(SUPPLIED MATERIAL begins)
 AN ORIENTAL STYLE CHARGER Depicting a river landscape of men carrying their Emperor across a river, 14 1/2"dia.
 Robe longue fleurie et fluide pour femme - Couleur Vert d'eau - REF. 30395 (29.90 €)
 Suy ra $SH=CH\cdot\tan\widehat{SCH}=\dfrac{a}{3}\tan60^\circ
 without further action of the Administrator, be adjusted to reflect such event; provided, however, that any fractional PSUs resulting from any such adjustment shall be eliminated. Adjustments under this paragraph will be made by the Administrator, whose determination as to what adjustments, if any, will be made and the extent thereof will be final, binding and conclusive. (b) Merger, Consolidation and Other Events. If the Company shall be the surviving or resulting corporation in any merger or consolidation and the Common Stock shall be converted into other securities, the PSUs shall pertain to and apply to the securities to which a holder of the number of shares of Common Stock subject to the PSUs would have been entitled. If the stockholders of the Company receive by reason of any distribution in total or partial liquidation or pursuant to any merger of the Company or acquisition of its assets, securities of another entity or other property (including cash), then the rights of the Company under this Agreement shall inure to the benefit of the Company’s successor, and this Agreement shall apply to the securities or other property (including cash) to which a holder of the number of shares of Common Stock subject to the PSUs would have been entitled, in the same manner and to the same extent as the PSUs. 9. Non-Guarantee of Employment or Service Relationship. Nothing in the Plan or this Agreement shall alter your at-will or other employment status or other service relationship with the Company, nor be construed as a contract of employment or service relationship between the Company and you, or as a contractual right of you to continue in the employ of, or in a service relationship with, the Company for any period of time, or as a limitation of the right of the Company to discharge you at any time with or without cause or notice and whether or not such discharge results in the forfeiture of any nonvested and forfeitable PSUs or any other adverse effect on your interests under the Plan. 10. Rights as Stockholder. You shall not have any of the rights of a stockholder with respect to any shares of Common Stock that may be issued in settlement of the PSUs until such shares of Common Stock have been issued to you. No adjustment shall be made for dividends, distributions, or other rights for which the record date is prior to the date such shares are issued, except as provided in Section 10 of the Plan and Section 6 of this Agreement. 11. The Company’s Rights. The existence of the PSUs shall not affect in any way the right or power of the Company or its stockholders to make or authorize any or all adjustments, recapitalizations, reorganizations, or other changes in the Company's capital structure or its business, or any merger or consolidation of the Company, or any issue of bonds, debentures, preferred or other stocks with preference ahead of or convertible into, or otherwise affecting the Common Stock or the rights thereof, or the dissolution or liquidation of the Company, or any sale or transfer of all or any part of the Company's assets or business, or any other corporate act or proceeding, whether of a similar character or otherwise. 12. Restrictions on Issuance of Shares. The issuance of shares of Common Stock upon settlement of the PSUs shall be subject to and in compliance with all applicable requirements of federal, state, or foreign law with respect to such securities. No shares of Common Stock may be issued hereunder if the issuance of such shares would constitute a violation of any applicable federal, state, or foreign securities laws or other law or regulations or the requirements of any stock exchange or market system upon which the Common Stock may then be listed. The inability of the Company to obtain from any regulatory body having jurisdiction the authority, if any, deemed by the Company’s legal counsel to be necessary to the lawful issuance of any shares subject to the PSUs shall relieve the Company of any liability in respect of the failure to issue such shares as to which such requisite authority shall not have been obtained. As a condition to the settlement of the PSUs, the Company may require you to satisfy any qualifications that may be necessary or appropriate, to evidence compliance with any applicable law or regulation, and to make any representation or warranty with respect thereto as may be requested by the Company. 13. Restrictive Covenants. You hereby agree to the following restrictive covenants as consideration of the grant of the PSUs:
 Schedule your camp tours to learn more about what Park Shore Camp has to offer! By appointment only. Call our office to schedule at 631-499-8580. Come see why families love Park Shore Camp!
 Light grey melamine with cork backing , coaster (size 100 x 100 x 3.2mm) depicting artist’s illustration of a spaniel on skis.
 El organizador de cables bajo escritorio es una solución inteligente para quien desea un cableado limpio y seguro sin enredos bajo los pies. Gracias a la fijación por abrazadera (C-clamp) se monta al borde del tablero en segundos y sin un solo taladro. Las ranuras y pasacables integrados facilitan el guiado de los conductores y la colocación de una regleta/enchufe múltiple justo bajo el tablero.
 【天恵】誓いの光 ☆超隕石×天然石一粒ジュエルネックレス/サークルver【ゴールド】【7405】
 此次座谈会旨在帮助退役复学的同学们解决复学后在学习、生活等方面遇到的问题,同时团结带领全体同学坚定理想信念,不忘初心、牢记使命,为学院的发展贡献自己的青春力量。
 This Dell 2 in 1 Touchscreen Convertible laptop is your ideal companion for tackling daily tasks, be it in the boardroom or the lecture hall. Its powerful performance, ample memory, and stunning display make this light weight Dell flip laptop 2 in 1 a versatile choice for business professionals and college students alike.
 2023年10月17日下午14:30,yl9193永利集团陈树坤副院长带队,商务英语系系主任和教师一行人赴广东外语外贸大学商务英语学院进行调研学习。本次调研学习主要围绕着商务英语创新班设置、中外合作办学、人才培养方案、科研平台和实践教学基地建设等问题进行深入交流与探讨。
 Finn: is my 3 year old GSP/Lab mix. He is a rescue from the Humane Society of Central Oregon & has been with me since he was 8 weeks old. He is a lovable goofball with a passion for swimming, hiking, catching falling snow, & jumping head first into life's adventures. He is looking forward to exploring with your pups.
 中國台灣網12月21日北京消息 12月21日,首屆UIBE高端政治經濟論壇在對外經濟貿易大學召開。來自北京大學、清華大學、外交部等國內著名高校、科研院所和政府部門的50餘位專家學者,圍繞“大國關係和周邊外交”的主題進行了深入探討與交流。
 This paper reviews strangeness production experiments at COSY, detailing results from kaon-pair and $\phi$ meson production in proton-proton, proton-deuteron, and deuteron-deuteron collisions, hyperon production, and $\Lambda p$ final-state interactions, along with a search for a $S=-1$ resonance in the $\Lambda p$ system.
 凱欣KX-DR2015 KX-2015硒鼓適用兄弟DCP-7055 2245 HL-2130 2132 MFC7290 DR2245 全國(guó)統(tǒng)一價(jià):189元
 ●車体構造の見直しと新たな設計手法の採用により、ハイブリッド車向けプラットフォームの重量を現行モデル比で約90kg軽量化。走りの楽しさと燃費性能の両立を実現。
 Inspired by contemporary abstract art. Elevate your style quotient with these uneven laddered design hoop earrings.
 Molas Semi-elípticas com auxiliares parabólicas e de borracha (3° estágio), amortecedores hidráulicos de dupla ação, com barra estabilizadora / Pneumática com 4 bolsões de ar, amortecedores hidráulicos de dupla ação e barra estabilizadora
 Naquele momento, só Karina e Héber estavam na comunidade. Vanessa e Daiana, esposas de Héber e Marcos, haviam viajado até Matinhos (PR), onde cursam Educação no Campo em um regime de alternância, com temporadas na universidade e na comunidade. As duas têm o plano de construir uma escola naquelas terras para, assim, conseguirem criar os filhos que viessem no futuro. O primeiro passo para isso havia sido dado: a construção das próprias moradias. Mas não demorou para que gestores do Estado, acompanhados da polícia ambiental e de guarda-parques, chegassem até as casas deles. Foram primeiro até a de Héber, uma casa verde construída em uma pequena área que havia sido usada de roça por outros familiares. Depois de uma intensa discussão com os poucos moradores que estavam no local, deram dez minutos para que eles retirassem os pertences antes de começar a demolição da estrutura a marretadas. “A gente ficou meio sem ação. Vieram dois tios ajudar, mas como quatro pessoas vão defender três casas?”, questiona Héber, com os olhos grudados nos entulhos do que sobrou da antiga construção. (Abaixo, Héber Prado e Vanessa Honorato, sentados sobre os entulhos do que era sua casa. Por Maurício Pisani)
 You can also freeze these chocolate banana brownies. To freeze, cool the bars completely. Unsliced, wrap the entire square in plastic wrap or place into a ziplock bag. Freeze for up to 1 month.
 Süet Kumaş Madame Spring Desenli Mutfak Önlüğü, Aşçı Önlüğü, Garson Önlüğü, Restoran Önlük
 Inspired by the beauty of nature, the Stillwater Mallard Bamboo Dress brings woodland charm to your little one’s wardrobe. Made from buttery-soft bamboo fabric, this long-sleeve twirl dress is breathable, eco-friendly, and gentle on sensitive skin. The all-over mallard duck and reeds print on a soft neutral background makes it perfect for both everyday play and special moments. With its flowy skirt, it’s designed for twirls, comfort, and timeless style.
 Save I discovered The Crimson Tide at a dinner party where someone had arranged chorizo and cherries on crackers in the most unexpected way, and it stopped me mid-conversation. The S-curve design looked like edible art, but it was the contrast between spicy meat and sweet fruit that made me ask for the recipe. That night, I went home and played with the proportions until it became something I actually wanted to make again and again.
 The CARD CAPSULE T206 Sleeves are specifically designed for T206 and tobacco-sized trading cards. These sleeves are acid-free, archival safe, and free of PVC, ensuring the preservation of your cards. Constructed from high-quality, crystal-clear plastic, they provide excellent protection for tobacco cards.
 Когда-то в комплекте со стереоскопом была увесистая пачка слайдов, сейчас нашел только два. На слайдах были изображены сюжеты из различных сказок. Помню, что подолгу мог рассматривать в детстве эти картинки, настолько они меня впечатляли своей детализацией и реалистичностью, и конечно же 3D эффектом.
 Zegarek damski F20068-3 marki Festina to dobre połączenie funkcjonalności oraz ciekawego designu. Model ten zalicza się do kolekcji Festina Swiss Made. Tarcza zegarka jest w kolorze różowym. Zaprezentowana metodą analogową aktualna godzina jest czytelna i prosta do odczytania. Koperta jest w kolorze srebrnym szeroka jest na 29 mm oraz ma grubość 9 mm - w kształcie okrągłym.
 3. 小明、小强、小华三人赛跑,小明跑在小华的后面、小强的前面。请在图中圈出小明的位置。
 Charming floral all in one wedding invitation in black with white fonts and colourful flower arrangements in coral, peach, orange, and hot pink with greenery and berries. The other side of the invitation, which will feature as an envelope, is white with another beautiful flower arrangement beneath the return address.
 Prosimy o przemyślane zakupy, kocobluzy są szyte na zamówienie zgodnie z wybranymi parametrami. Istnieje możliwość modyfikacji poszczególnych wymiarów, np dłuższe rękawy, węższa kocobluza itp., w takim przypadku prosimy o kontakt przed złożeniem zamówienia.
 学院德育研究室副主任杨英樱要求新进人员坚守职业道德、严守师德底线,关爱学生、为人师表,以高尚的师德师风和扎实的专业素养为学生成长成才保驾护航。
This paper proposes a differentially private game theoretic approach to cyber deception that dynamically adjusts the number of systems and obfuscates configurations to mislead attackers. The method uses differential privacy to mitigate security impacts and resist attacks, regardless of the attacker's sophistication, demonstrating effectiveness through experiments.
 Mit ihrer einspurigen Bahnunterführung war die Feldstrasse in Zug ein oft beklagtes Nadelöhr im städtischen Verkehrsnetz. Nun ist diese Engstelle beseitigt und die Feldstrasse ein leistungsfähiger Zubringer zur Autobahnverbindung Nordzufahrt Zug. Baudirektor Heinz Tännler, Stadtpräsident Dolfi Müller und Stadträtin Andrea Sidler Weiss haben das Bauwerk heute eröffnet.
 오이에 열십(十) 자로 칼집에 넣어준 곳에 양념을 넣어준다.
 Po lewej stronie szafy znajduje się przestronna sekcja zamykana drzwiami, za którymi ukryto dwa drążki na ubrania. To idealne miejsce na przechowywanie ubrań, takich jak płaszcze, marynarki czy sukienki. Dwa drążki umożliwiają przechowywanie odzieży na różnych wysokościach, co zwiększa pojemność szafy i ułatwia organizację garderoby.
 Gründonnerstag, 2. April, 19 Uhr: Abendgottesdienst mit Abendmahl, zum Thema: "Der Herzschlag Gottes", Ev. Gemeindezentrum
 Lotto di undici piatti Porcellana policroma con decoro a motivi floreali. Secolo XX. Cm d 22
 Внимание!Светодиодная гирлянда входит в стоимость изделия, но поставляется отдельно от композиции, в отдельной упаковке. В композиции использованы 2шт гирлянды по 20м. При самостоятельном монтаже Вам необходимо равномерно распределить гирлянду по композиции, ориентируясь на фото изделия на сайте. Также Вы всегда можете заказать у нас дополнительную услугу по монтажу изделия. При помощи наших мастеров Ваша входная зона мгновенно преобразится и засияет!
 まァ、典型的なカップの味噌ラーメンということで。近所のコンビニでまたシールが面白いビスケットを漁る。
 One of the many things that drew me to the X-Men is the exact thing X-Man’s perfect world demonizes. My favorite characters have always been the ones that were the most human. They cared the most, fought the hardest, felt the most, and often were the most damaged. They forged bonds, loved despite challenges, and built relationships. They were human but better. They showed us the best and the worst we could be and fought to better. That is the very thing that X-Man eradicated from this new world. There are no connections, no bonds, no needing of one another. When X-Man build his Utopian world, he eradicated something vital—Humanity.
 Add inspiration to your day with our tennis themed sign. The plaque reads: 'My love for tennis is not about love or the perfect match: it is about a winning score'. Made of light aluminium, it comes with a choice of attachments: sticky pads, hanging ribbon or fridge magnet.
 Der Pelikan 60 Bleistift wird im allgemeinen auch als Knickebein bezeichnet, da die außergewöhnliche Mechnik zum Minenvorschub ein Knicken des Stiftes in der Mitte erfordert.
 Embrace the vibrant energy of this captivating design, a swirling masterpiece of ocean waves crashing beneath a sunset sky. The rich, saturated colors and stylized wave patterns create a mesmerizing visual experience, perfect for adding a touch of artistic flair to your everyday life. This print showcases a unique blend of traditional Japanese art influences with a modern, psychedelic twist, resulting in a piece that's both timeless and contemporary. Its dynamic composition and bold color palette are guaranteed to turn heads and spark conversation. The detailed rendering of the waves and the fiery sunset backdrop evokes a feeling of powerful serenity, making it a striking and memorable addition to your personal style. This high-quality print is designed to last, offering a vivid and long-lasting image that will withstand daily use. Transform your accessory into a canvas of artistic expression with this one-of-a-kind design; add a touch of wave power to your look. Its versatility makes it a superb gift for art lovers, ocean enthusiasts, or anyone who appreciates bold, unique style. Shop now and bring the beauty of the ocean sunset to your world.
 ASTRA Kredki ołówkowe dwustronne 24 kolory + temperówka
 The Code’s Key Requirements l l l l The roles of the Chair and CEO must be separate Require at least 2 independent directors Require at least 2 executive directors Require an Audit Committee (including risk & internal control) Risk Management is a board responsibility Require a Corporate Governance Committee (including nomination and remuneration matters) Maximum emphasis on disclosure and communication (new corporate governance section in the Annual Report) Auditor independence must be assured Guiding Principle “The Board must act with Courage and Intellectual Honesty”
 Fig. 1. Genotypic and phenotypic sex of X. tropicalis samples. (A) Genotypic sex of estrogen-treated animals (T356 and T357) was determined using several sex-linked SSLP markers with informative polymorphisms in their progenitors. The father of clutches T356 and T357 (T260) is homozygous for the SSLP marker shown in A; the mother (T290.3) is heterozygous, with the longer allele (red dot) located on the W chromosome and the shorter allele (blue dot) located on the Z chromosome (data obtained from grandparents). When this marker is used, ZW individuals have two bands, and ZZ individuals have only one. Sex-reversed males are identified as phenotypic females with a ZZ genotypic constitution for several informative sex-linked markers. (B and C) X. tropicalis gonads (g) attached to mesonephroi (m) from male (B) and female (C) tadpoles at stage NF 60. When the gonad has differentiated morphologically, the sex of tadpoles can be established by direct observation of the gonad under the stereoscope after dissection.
(SUPPLIED MATERIAL ends)
■ **WHAT YOU ARE ASKED TO DO**:
Every line above that includes the string "experiments" needs to be copied.

■ **RESULT OF THIS EXERCISE**:
 This paper reviews strangeness production experiments at COSY, detailing results from kaon-pair and $\phi$ meson production in proton-proton, proton-deuteron, and deuteron-deuteron collisions, hyperon production, and $\Lambda p$ final-state interactions, along with a search for a $S=-1$ resonance in the $\Lambda p$ system.
This paper proposes a differentially private game theoretic approach to cyber deception that dynamically adjusts the number of systems and obfuscates configurations to mislead attackers. The method uses differential privacy to mitigate security impacts and resist attacks, regardless of the attacker's sophistication, demonstrating effectiveness through experiments.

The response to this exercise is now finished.